Write out exactly, and only, the lines below from the line with "google 瀏覽器、360 極速瀏覽器)" through the line with "硫化豬油1811是一款深色、"; pictures do not belong in the copy.

(Beginning of PROVIDED DATA)

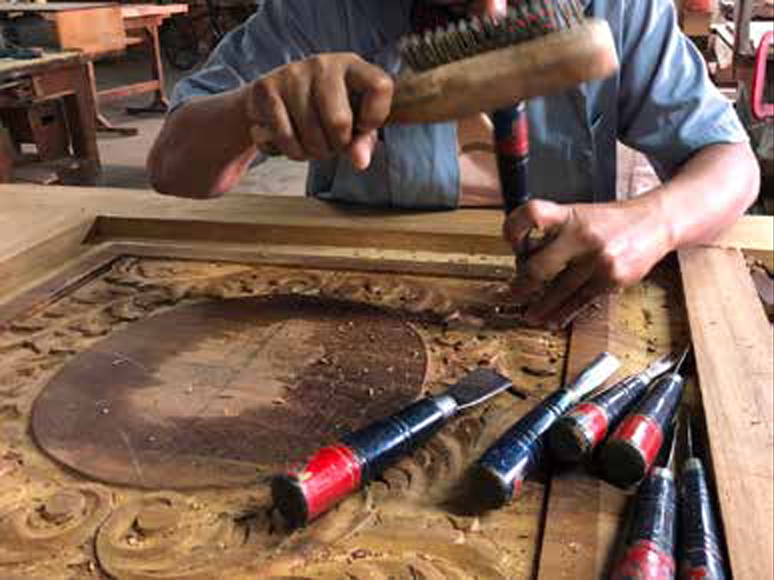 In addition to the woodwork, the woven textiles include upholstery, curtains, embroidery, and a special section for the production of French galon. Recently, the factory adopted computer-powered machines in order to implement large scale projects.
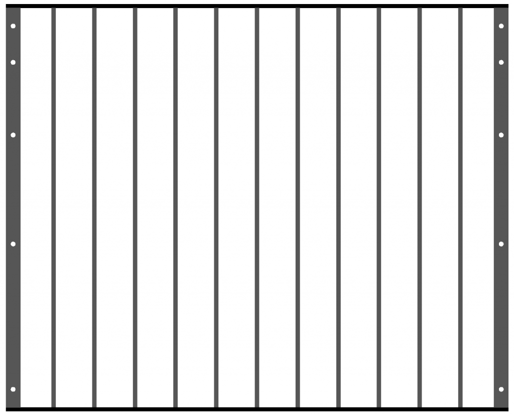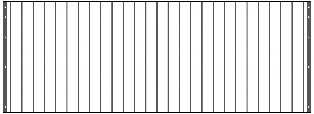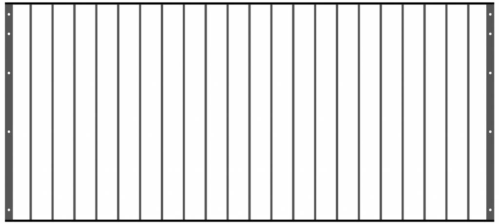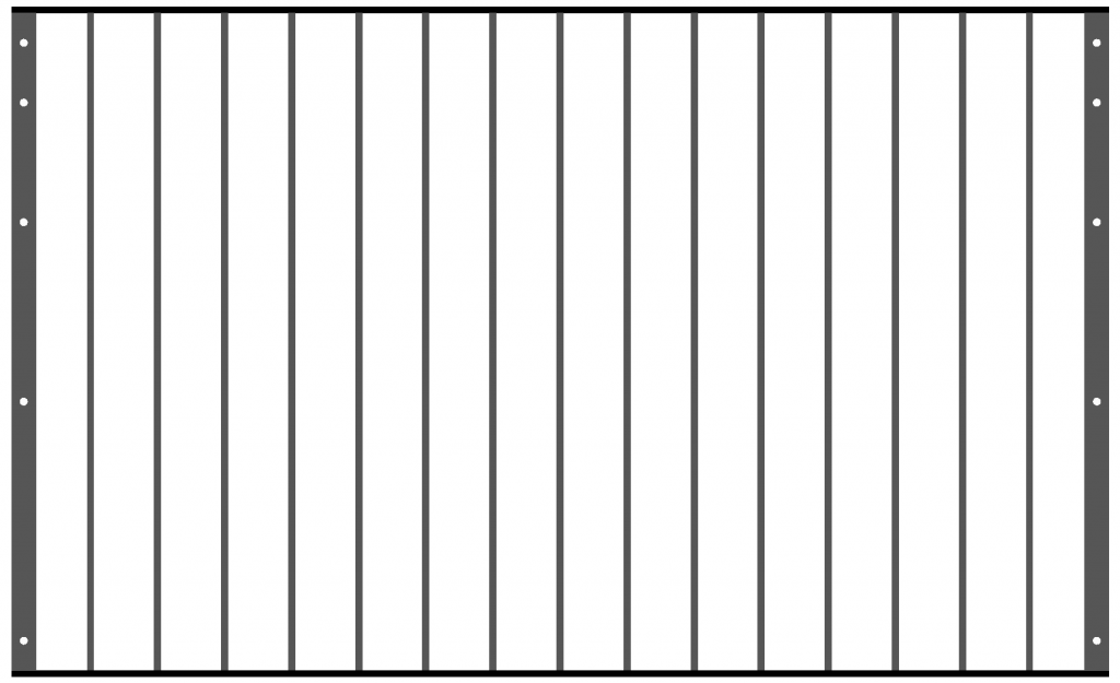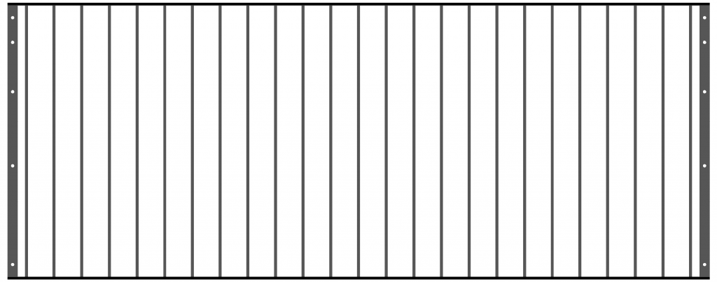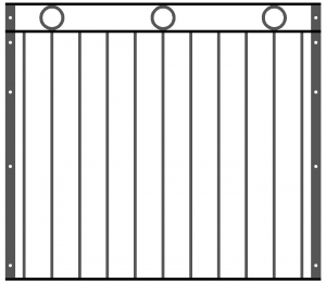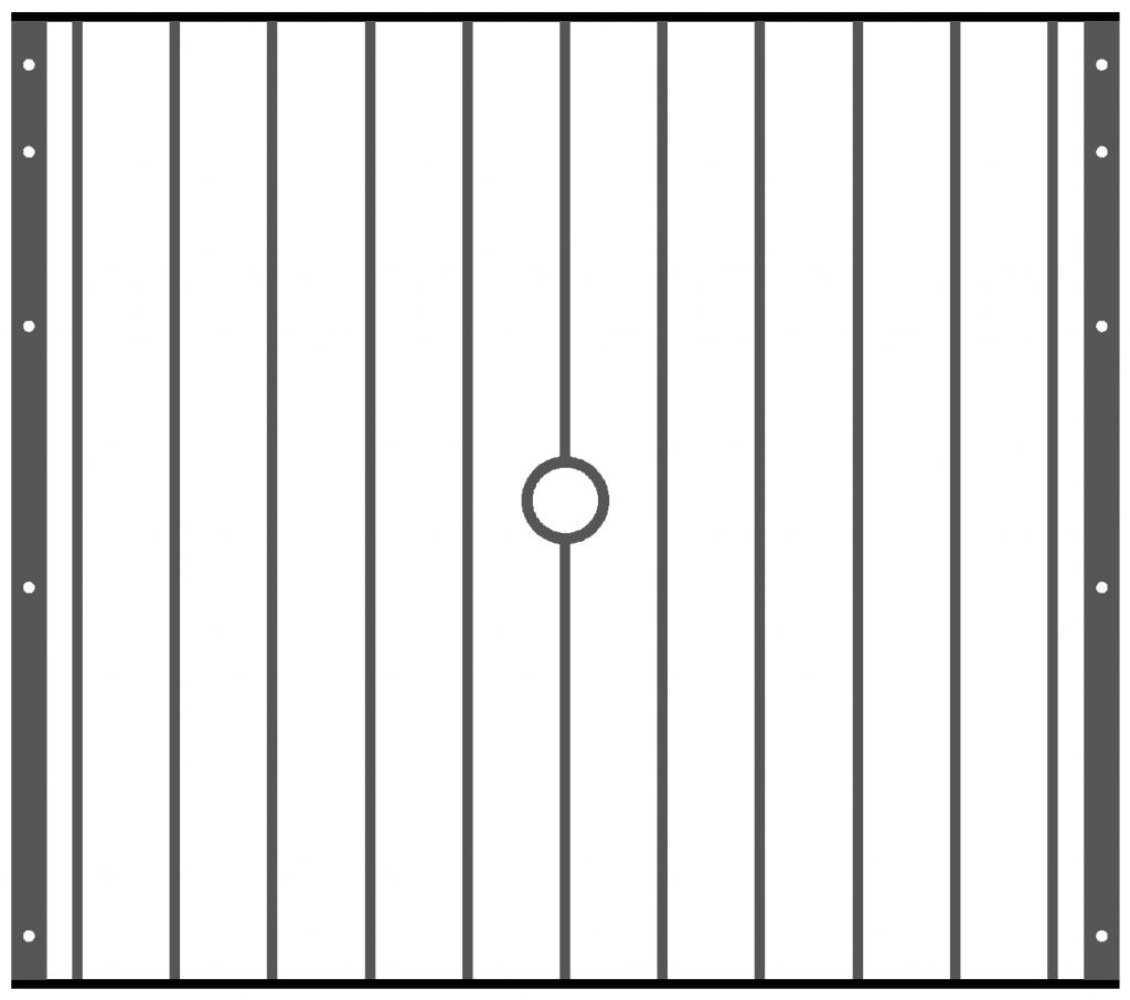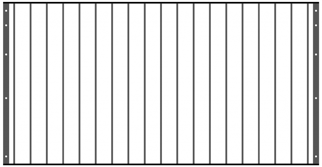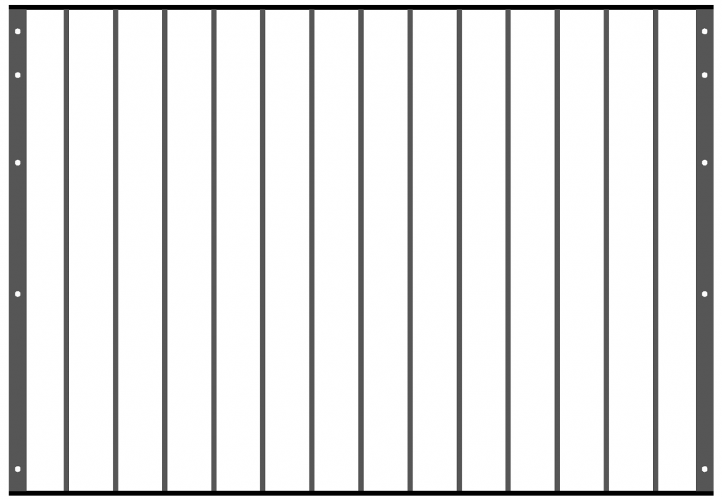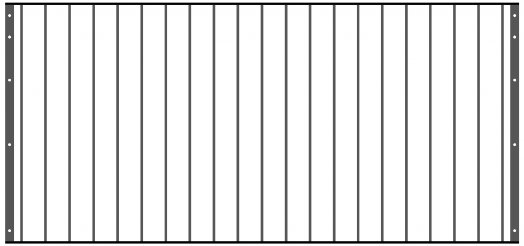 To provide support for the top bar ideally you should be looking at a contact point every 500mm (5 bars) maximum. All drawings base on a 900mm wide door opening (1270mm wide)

(End of PROVIDED DATA)
(Beginning of PROVIDED DATA)

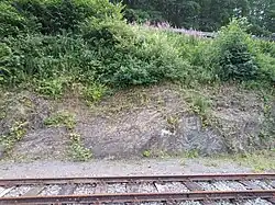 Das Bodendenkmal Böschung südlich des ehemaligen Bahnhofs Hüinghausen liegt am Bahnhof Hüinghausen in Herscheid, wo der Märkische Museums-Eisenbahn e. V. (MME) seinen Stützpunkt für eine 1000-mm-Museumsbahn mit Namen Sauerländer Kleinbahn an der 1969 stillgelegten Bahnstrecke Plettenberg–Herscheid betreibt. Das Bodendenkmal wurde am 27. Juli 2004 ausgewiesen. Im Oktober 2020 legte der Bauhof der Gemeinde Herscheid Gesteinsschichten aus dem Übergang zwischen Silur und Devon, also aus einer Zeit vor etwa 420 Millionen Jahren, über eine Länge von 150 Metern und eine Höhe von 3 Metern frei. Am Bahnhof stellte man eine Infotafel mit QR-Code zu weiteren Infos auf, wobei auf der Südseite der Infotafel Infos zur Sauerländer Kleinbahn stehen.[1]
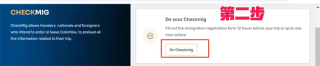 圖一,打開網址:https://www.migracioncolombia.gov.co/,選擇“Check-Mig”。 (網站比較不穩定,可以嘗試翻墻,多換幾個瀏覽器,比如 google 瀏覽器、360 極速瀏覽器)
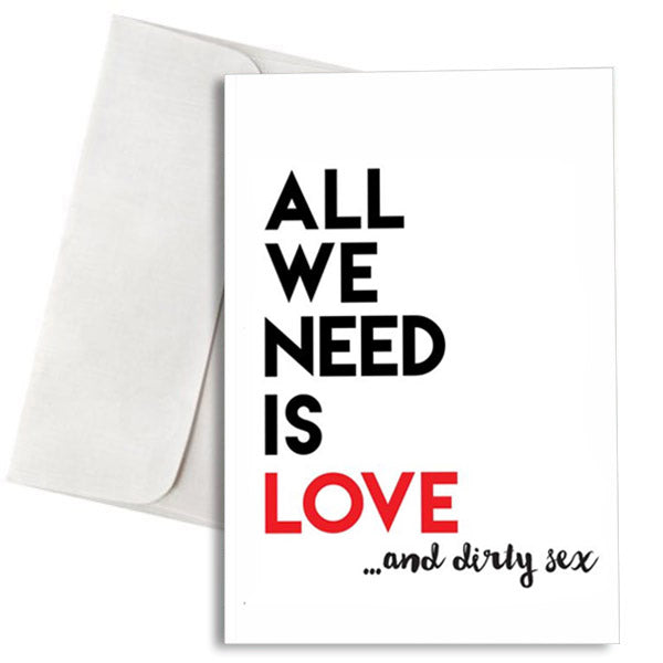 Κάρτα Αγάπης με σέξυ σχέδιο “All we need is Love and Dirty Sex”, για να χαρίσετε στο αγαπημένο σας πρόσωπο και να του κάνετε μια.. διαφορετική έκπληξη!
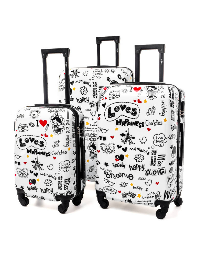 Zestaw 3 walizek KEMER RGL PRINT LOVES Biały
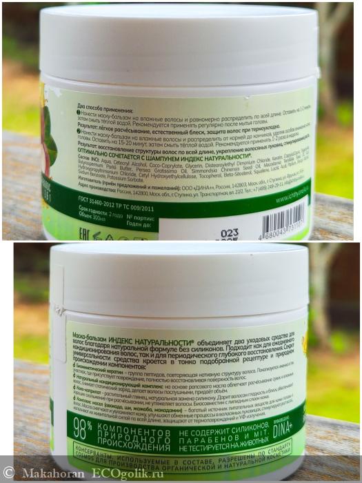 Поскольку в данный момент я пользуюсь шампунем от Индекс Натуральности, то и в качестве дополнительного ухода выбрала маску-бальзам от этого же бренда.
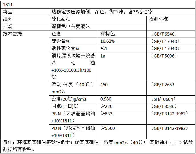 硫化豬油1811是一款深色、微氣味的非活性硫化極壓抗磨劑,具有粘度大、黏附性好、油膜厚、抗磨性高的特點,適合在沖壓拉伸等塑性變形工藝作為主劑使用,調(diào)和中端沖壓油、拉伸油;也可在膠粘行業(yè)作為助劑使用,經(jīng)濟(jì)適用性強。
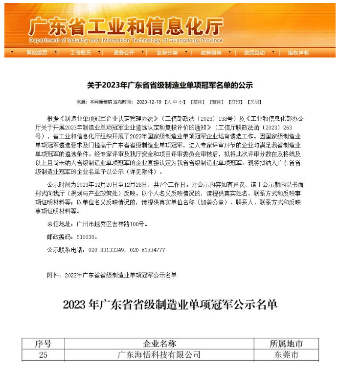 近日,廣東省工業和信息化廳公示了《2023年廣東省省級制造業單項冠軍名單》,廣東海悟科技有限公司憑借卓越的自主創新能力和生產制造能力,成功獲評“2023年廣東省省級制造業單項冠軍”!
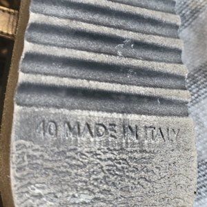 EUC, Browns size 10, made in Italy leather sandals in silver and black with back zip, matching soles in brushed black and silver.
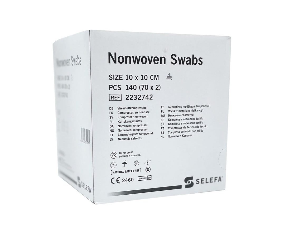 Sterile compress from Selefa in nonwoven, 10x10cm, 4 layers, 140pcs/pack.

(End of PROVIDED DATA)

EXPECTED OUTPUT:
 圖一,打開網址:https://www.migracioncolombia.gov.co/,選擇“Check-Mig”。 (網站比較不穩定,可以嘗試翻墻,多換幾個瀏覽器,比如 google 瀏覽器、360 極速瀏覽器)
 Κάρτα Αγάπης με σέξυ σχέδιο “All we need is Love and Dirty Sex”, για να χαρίσετε στο αγαπημένο σας πρόσωπο και να του κάνετε μια.. διαφορετική έκπληξη!
 Zestaw 3 walizek KEMER RGL PRINT LOVES Biały
 Поскольку в данный момент я пользуюсь шампунем от Индекс Натуральности, то и в качестве дополнительного ухода выбрала маску-бальзам от этого же бренда.
 硫化豬油1811是一款深色、微氣味的非活性硫化極壓抗磨劑,具有粘度大、黏附性好、油膜厚、抗磨性高的特點,適合在沖壓拉伸等塑性變形工藝作為主劑使用,調(diào)和中端沖壓油、拉伸油;也可在膠粘行業(yè)作為助劑使用,經(jīng)濟(jì)適用性強。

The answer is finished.